BEGIN Task input

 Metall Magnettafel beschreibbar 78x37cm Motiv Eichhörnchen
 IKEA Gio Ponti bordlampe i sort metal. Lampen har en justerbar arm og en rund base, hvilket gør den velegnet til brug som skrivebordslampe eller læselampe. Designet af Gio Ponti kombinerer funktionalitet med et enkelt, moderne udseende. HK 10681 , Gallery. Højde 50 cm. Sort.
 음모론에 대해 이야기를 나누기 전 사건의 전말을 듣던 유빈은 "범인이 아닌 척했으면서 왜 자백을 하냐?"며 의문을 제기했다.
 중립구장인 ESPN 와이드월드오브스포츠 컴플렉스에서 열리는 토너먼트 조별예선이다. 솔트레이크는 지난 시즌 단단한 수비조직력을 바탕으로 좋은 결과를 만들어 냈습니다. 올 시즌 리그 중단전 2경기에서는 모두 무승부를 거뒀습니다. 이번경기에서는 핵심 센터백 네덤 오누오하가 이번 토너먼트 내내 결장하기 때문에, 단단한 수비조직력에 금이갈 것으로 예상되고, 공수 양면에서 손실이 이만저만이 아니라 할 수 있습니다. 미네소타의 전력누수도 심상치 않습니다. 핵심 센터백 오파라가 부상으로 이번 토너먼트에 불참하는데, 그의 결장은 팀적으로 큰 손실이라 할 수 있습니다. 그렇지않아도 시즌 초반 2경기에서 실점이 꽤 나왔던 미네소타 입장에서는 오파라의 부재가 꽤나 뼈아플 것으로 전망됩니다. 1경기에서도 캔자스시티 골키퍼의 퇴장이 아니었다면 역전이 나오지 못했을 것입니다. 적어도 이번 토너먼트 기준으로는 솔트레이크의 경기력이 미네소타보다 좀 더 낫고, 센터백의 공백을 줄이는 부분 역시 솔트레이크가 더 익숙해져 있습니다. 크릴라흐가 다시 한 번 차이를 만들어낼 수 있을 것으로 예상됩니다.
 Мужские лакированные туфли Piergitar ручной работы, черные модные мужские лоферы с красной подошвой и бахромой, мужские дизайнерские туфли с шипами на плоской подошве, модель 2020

END Task input
BEGIN Task input

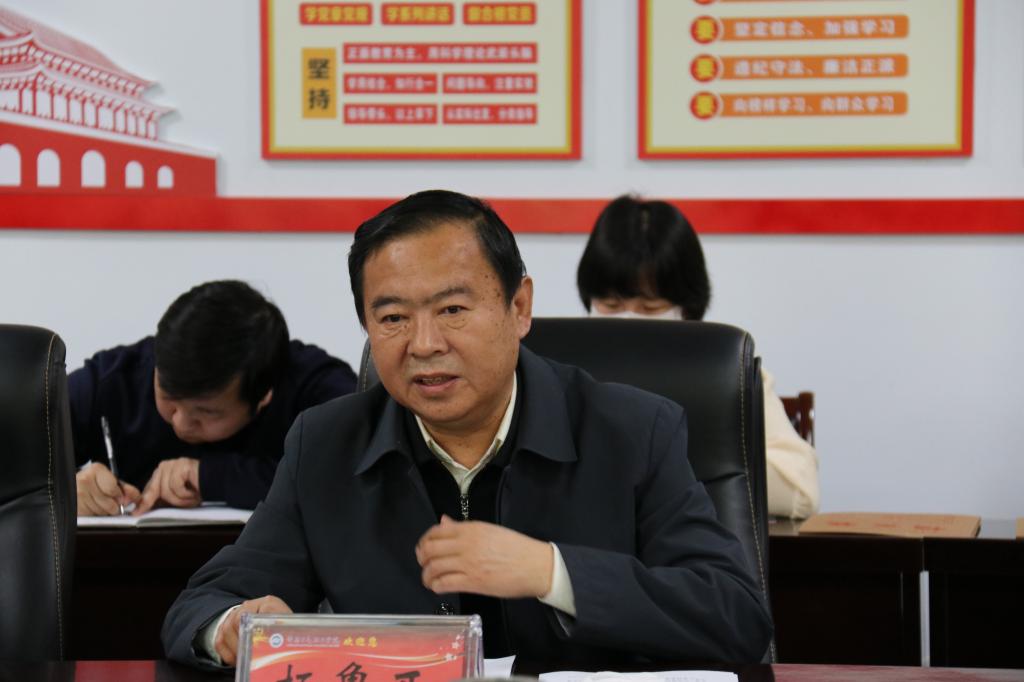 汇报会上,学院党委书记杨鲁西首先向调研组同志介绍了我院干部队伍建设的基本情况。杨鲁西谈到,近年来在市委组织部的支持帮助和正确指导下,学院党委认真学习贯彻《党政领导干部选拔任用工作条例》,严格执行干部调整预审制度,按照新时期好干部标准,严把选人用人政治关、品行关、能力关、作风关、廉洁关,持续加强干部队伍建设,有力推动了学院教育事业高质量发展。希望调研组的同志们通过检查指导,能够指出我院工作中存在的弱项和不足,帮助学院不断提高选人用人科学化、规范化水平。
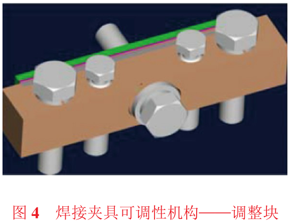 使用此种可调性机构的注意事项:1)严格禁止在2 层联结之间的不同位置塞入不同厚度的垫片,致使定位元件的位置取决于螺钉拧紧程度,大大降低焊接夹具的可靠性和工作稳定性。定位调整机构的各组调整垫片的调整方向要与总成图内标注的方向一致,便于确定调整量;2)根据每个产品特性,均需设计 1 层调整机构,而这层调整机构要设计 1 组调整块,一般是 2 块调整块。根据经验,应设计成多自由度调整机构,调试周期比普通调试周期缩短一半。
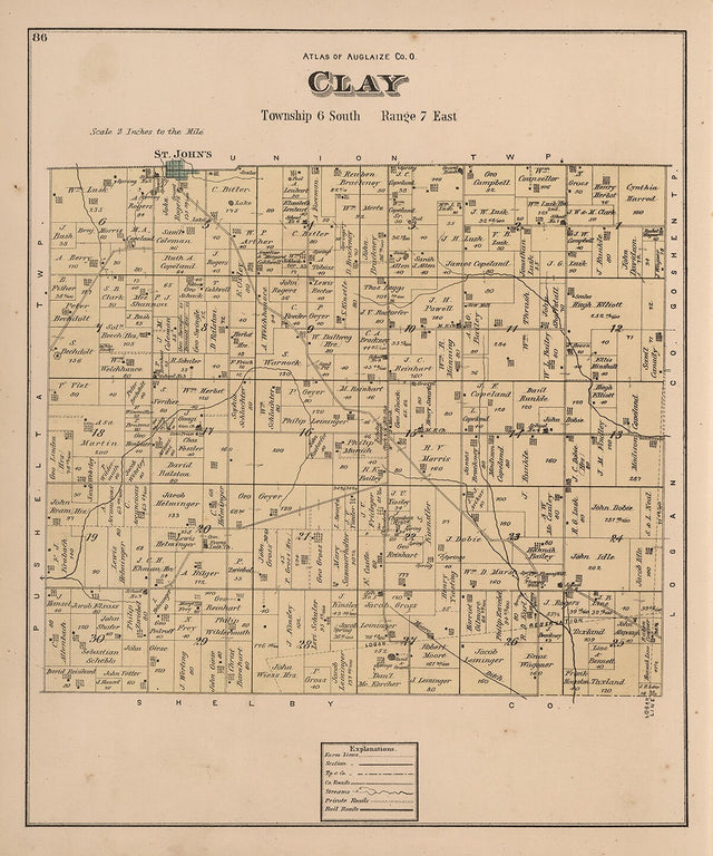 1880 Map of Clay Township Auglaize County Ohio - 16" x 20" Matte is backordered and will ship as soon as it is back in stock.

END Task input

*Task details:* Copy out the lines above exactly, beginning at the one that contains "Metall Magnettafel beschreibbar" and ending at the one that contains "음모론에 대해 이야기를".

*Exercise output:*
 Metall Magnettafel beschreibbar 78x37cm Motiv Eichhörnchen
 IKEA Gio Ponti bordlampe i sort metal. Lampen har en justerbar arm og en rund base, hvilket gør den velegnet til brug som skrivebordslampe eller læselampe. Designet af Gio Ponti kombinerer funktionalitet med et enkelt, moderne udseende. HK 10681 , Gallery. Højde 50 cm. Sort.
 음모론에 대해 이야기를 나누기 전 사건의 전말을 듣던 유빈은 "범인이 아닌 척했으면서 왜 자백을 하냐?"며 의문을 제기했다.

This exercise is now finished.